10 novembro 2005

Nota sobre a tradução de "A Conversa Infinita", de Maurice Blanchot

Nós, brasileiros, somos neófitos em Maurice Blanchot. Muitos de nós nos interessamos por essa figura via outros pensadores, especialmente filósofos. Na Universidade, os "críticos literários" o desconhecem, e muitos dizem não estudá-lo por tratar-se meramente de um "marginal", "desocupado" de questões de gente como Bakhtin. Mas, felizmente, várias traduções desse difícil autor - situado de modo feliz bem longe das querelas de autoria da crítica literária - estão sendo lançadas ao português.

Gostaria de fazer um breve apontamento sobre a tradução de "A Conversa Infinita", publicada pela Editora Escuta. A princípio, para dizer o seguinte: diante de um autor difícil como Blanchot, uma boa tradução é essencial, para que certos equívocos não sejam ocasionados. Se a leitura de um autor de peso como Blanchot é difícil, a dificuldade não pode ser agravada por problemas de tradução. E, nesse livro que aparenta ser belo (a nós, neófitos brasileiros), algumas dificuldades se impõem logo de início. Para dar um primeiro exemplo, o uso indiscriminado, no primeiro capítulo, das palavras "busca", "procura" e "pesquisa": dizem elas a mesma coisa? Traduzem elas uma mesma palavra (chercher? rechercher?)?
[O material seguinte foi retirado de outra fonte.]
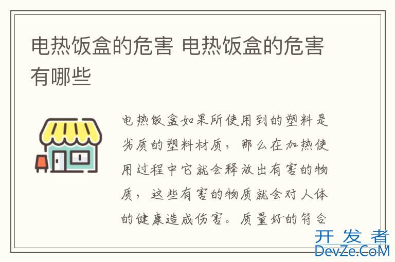 品牌型号:小熊电热饭盒 系统:DFH-C15B9开发者_运维知识库 电热饭盒如果所使用到的塑料是劣质的塑料材质,那么在加热使用过程中它就会释放出有害的物质,这些有害的物质就

O mesmo ocorre no segundo capítulo: Blanchot afirma lá que a pergunta coloca em questão o próprio Ser, e assim cada possibilidade de interrogação advinda da linguagem propõe uma abertura radical, como o fazem o "is" ou o "ist" de "is the sky blue?" e "Ist der Himmel blau?". O "é" propõe uma abertura inicial nas línguas alemã e inglesa que não é imediatamente visível no francês ("Le ciel est-il bleu?"), ou por consequência no português ("O céu é azul?"). Mas a tradução ao português constrange esse raciocínio, traduzindo "Le ciel est-il bleu?" por "Seria o céu azul?" (p. 44), quando poderia provavelmente traduzir a frase como "O céu é azul?". Caso assim procedecem, os tradutores concordariam com uma outra frase anterior (p. 43): "O céu é azul, o céu é azul? Sim", expressão-fonte do raciocínio de Blanchot, que uma página depois os tradutores transformam em "O céu é azul, seria o céu azul?", expressão diametralmente diferente da primeira.

Talvez tais observações sejam advindas de uma leitura não muito precisa e precipitada dessa valiosa tradução. De todo modo, são algumas indicações para problematizá-la (e esperamos, de saída, estar errados...).

3 comentários:

Anônimo disse...

Toda tradução comporta certa traição.
Não poderia ser diferente, especialmente, com Blanchot: uma tradução não seria, em si mesma, uma "nova possibilidade de interrogação advinda da linguagem"?
Apesar disto, corroboro a idéia de que não se deve eliminar o (necessário) de rigor ao traduzir.
A edição brasileira, a meu ver, abre acesso ao obscuro e atende à necessidade de disseminar conversas infinitas.
Karla
Ksp@ig.com.br

nomadez disse...

Oi Karla,

Obrigado pelo seu comentário, especialmente quando chama a atenção à impossível tarefa de 'traduzir' Blanchot. Realmente, seus livros ainda trarão muito pensamento novo para nós, e essas traduções são, nesse sentido, tarefas preciosíssimas.

um abraço (com a esperança de ler outras considerações suas por aqui),

Domingos disse...

Se o tradutor houvesse escrito "procedecem" em lugar de "procedessem", não seria alvo de muitas críticas?